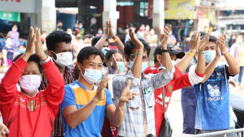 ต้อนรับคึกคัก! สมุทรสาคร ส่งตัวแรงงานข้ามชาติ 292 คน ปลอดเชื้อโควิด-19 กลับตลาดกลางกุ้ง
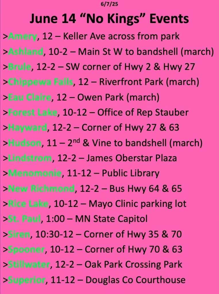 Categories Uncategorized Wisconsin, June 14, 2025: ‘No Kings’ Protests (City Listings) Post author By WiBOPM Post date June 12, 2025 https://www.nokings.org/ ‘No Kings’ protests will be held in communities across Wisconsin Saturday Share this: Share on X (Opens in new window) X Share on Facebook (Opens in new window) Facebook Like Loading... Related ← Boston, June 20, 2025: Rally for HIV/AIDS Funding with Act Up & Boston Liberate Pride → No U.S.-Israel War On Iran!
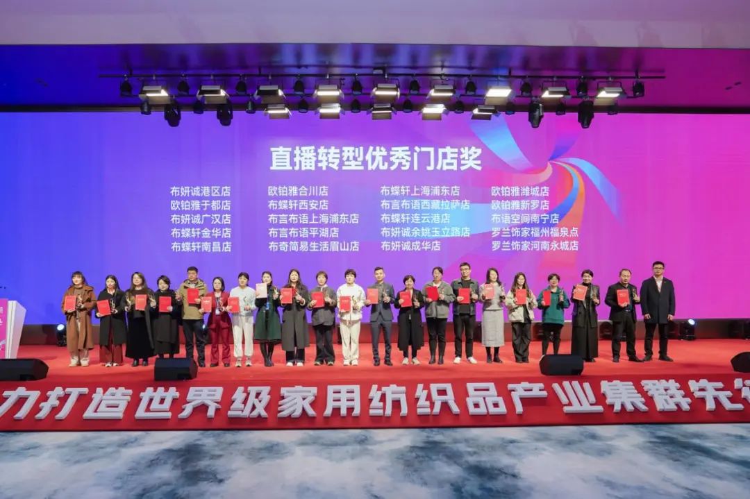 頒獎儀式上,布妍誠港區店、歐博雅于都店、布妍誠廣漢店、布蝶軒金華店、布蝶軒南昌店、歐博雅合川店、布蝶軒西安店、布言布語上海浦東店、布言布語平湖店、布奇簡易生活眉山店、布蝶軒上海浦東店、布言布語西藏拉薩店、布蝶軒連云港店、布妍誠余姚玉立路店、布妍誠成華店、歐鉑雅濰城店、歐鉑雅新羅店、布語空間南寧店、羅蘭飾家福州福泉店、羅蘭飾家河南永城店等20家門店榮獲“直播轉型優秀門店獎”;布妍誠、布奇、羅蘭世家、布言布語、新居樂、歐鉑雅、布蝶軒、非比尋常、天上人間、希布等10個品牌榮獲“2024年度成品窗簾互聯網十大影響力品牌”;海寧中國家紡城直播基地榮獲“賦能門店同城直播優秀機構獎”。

──────

◆ Task to complete:
Except for the pictures, the whole listing above should be transcribed exactly.

◆ Exercise answer:
 ต้อนรับคึกคัก! สมุทรสาคร ส่งตัวแรงงานข้ามชาติ 292 คน ปลอดเชื้อโควิด-19 กลับตลาดกลางกุ้ง
 Categories Uncategorized Wisconsin, June 14, 2025: ‘No Kings’ Protests (City Listings) Post author By WiBOPM Post date June 12, 2025 https://www.nokings.org/ ‘No Kings’ protests will be held in communities across Wisconsin Saturday Share this: Share on X (Opens in new window) X Share on Facebook (Opens in new window) Facebook Like Loading... Related ← Boston, June 20, 2025: Rally for HIV/AIDS Funding with Act Up & Boston Liberate Pride → No U.S.-Israel War On Iran!
 頒獎儀式上,布妍誠港區店、歐博雅于都店、布妍誠廣漢店、布蝶軒金華店、布蝶軒南昌店、歐博雅合川店、布蝶軒西安店、布言布語上海浦東店、布言布語平湖店、布奇簡易生活眉山店、布蝶軒上海浦東店、布言布語西藏拉薩店、布蝶軒連云港店、布妍誠余姚玉立路店、布妍誠成華店、歐鉑雅濰城店、歐鉑雅新羅店、布語空間南寧店、羅蘭飾家福州福泉店、羅蘭飾家河南永城店等20家門店榮獲“直播轉型優秀門店獎”;布妍誠、布奇、羅蘭世家、布言布語、新居樂、歐鉑雅、布蝶軒、非比尋常、天上人間、希布等10個品牌榮獲“2024年度成品窗簾互聯網十大影響力品牌”;海寧中國家紡城直播基地榮獲“賦能門店同城直播優秀機構獎”。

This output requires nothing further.